## DATASET EXTRACT
=-=-=
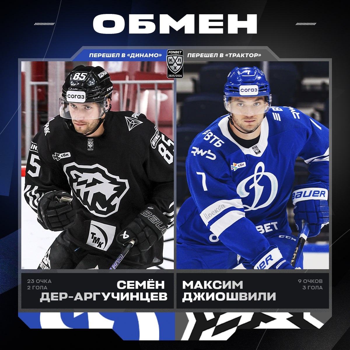 «Трактор» и московское «Динамо» произвели обмен нападающими: 25-летний Семён Дер-Аргучинцев 🔵 (2+21) отправится в Москву, а 29-летний Максим Джиошвили 🚜 (3+6) переедет в Челябинск.
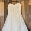 Gorgeous sparkly beading and sequins throughout, structured corset-style bodice with spaghetti straps.
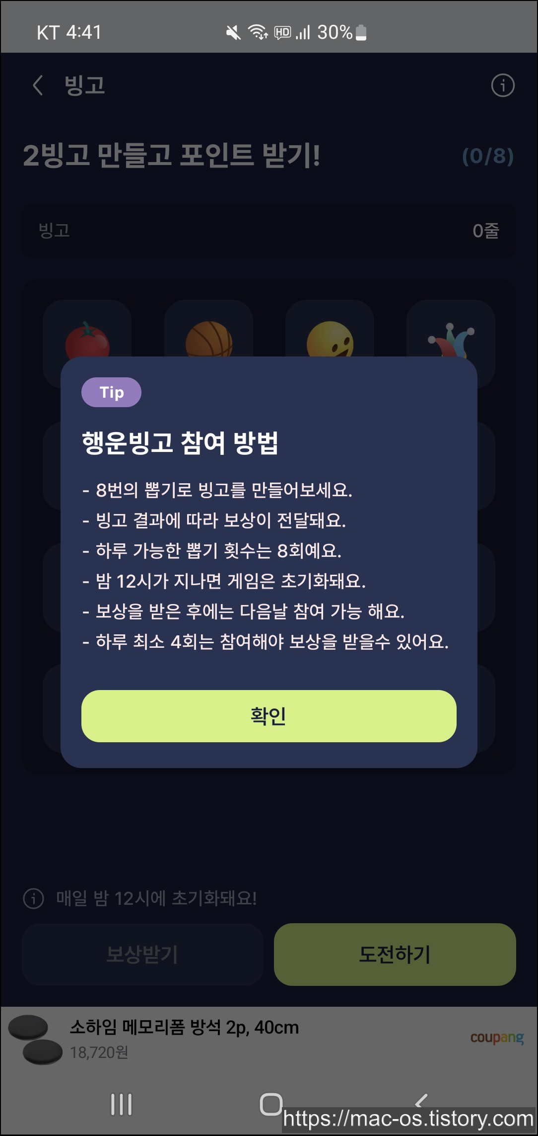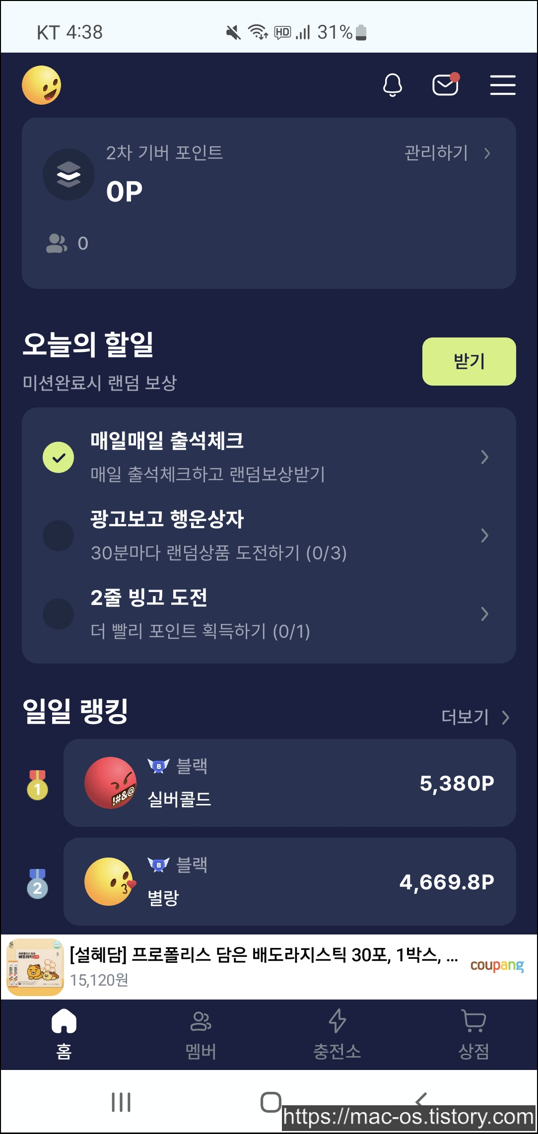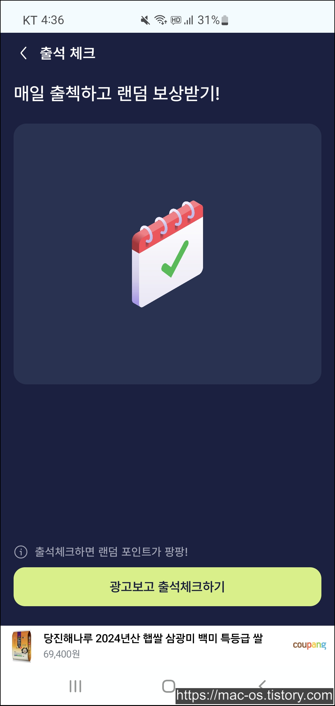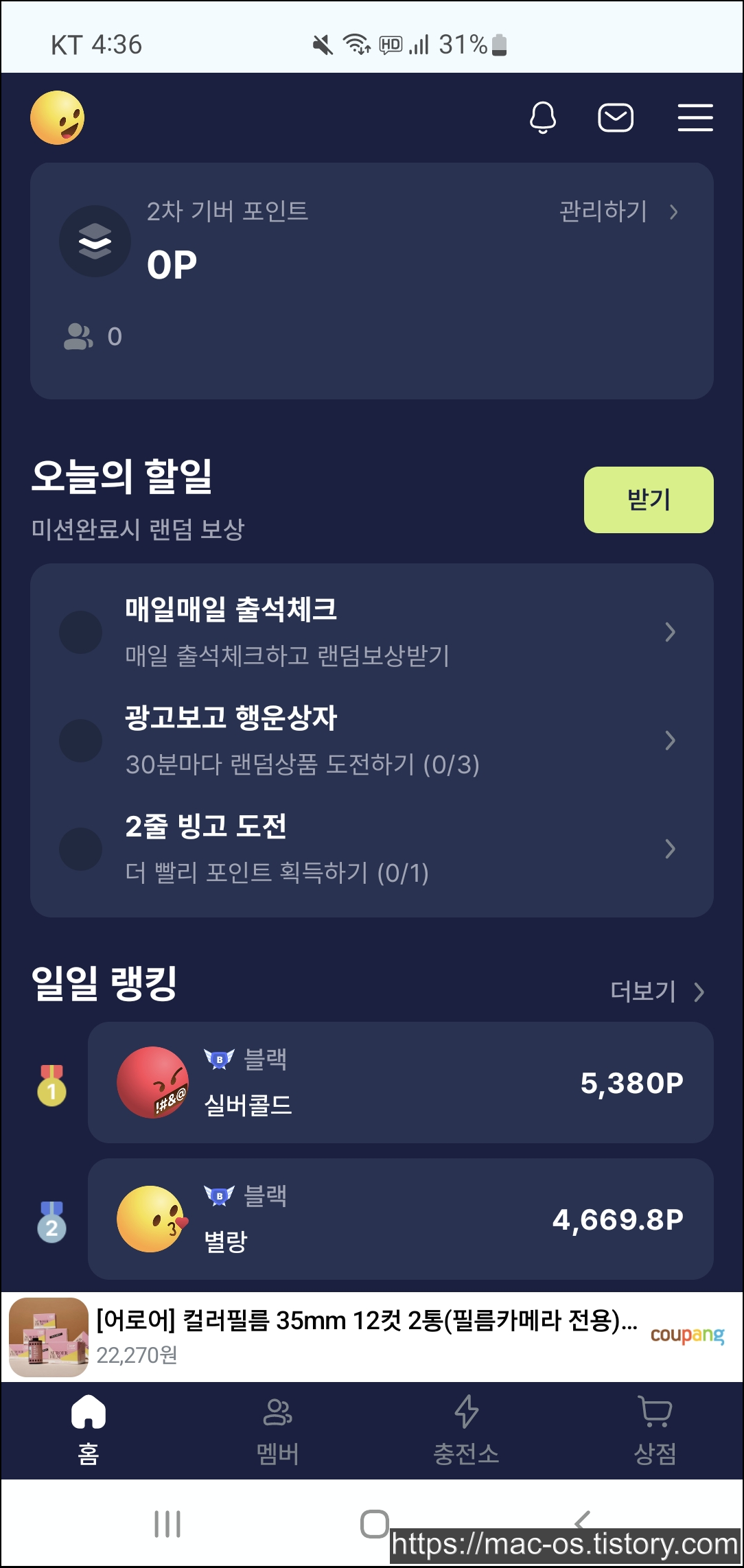 홈 화면에서 아래로 스크롤을 내리면 오늘의 할일이란 것이 있다. 매일매일 출석체크를 누르면 광고보고 출석체크를 할 수 있다.
=-=-=
## ASSIGNMENT
Repeat every line of the data exactly, but do not include pictures.

## ANSWER TO THIS EXERCISE
 «Трактор» и московское «Динамо» произвели обмен нападающими: 25-летний Семён Дер-Аргучинцев 🔵 (2+21) отправится в Москву, а 29-летний Максим Джиошвили 🚜 (3+6) переедет в Челябинск.
 Gorgeous sparkly beading and sequins throughout, structured corset-style bodice with spaghetti straps.
 홈 화면에서 아래로 스크롤을 내리면 오늘의 할일이란 것이 있다. 매일매일 출석체크를 누르면 광고보고 출석체크를 할 수 있다.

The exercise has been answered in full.